Águilas Doradas is a professional Colombian football team based in Rionegro that currently plays in the Categoría Primera A. They play their home games at Alberto Grisales stadium. The club also has a futsal team.

History
On 16 July 2008, the club was founded as Itagüí Ditaires after a group of investors led by former football player José Fernando Salazar bought the team Bajo Cauca and relocated it to Itagüí. 

Itagüí began playing in the Primera B's 2008 Finalización championship, where they finished sixth out of nine teams in their group. In the 2009 Apertura, Itagüí had a great performance; they finished second in their group during the regular season, then won their group in the playoffs, before losing the final to Cortuluá on penalties. In the 2009 Finalización, the club had the most points out of all 18 in the regular season, with 33, and were serious candidates to win the title. However, they faltered in the playoffs and finished last with only three points. For the 2010 season DIMAYOR changed the Primera B format to a year-long tournament. Itagüí topped the regular season table, advancing to the playoffs. In the playoffs, they won their group, winning five and only losing one, which qualified them for the final against Deportivo Pasto. In the finals, the club won 3–2 on aggregate, becoming champions and being promoted to the Primera A, mainly with the help of Luis Páez, who scored in both legs. In that same year, the club also reached the Copa Colombia finals, knocking Deportes Tolima, Atlético Nacional, and Millonarios out of the competition successively before losing to Deportivo Cali.

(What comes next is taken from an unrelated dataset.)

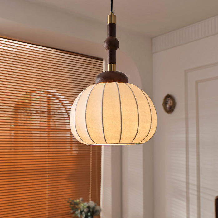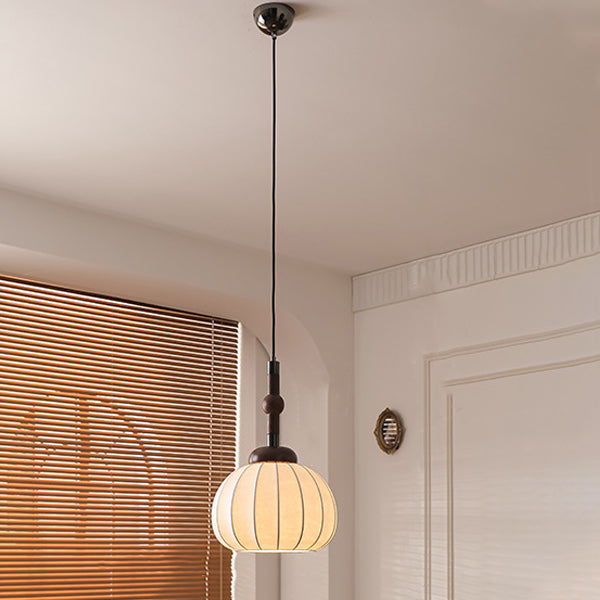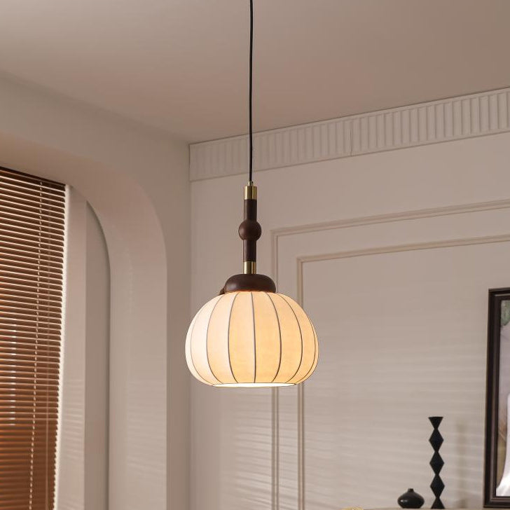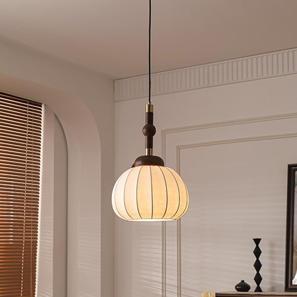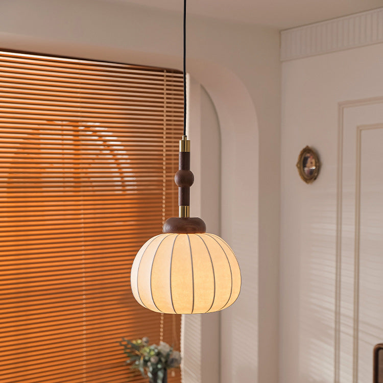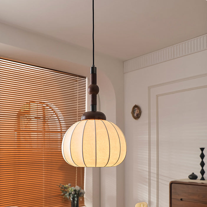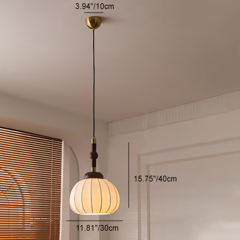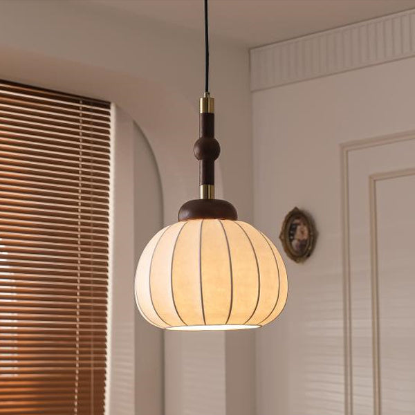 Traditional French Cylinder Lantern Shape Aluminum Wood Frame Silk Shade 1-Light Pendant Light For Living Room

They made their Primera A debut in 2011, being the first time in the top-flight that four teams from the same department (Antioquia) competed for the grand prize.

The club was expelled from Itagüí in May 2014, following a dispute between the club's chairman and the city's mayor regarding the financial support received by the club from Itagüí's local government. The decision to expel the club from the city was made by the mayor after being publicly criticized by the club's chairman for the scarce support provided to the club. This incident meant the team would change its name to Águilas Pereira, moving to the city of Pereira and playing its home matches at Hernán Ramírez Villegas stadium, a change approved by DIMAYOR's Assembly in an extraordinary meeting on 14 July 2014. 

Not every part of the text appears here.